#### WHAT TO PRODUCE:
Retype the lines below exactly, but only those from the line that has "ตลาดกรีนบাজার" through the line that has "說明：連休第二天去了澀谷（2019/04/27）". Omit every picture.

#### DATA FOR THE TASK:
----------------------------------------

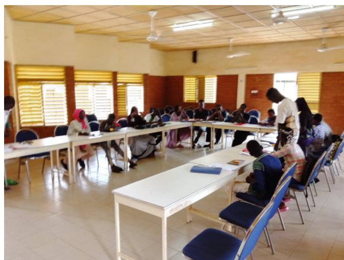
Photos des séances de clubs
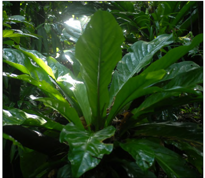
Fig. 59 - Anthurium hookeri

- Ichnanthus pallens (Swartz) Munro ( Poaceae ) : très abondant dans toutes les lisières forestières, herbe basse émettant des racines diffuses aux nœuds.
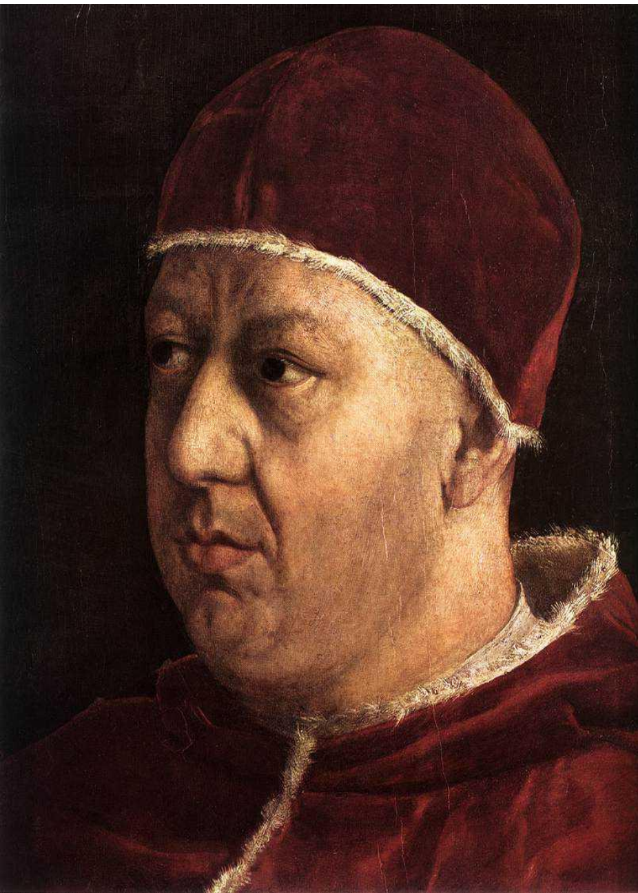
ПАПА ЛЕВ X
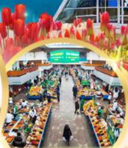
ตลาดกรีนบাজার
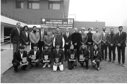
राज्यपाल श्री गुलाब चंद कटारिया (बीज) पंजाब के राज्यपाल के रूप में पद स्वीकार करते हैं।

उपलब्धि प्राप्त करने वाले खिलाड़ियों को बधाई देते हुए, राज्यपाल कटारिया ने उनके उत्कृष्ट प्रदर्शनों की प्रशंसा की और कहा कि इन उपलब्धियों से चंडीगढ़, पंजाब तथा पूरे देश का नाम रोशन हुआ है। उन्होंने चंडीगढ़ गोल्फ एसोसिएशन (सीजीए) द्वारा निरंतरतम विश्वस्तरीय खेल सुविधाओं एवं सुदृढ़ कोचिंग इकोसिस्टम की भी सराहना की तथा कहा कि इसने ओलंपिक खेल में चंडीगढ़ एवं ट्राई-सिटी क्षेत्र के युवा गोल्फ प्रतिभाशाली खिलाड़ियों को निखारने में महत्वपूर्ण भूमिका निभाई है।
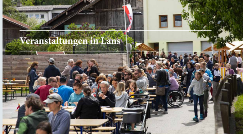
Veranstaltungen in Lans

Bewerbungen bitte an: gemeinde@gemeinde-lans.at .
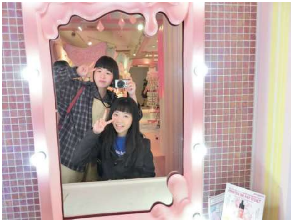
說明：連休第二天去了澀谷（2019/04/27）
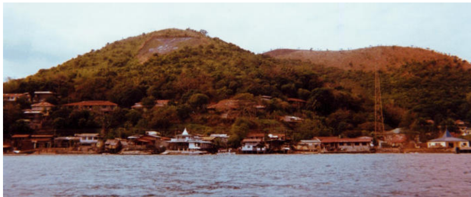
L'île de Culion de nos jours, on aperçoit un sigle tracé sur le haut de la colline : PHS avec un aigle aux ailes déployées (Philippine Health Service - Service Philippin de la Santé)

----------------------------------------

#### EXERCISE SOLUTION:
ตลาดกรีนบাজার
राज्यपाल श्री गुलाब चंद कटारिया (बीज) पंजाब के राज्यपाल के रूप में पद स्वीकार करते हैं।

उपलब्धि प्राप्त करने वाले खिलाड़ियों को बधाई देते हुए, राज्यपाल कटारिया ने उनके उत्कृष्ट प्रदर्शनों की प्रशंसा की और कहा कि इन उपलब्धियों से चंडीगढ़, पंजाब तथा पूरे देश का नाम रोशन हुआ है। उन्होंने चंडीगढ़ गोल्फ एसोसिएशन (सीजीए) द्वारा निरंतरतम विश्वस्तरीय खेल सुविधाओं एवं सुदृढ़ कोचिंग इकोसिस्टम की भी सराहना की तथा कहा कि इसने ओलंपिक खेल में चंडीगढ़ एवं ट्राई-सिटी क्षेत्र के युवा गोल्फ प्रतिभाशाली खिलाड़ियों को निखारने में महत्वपूर्ण भूमिका निभाई है।
Veranstaltungen in Lans

Bewerbungen bitte an: gemeinde@gemeinde-lans.at .
說明：連休第二天去了澀谷（2019/04/27）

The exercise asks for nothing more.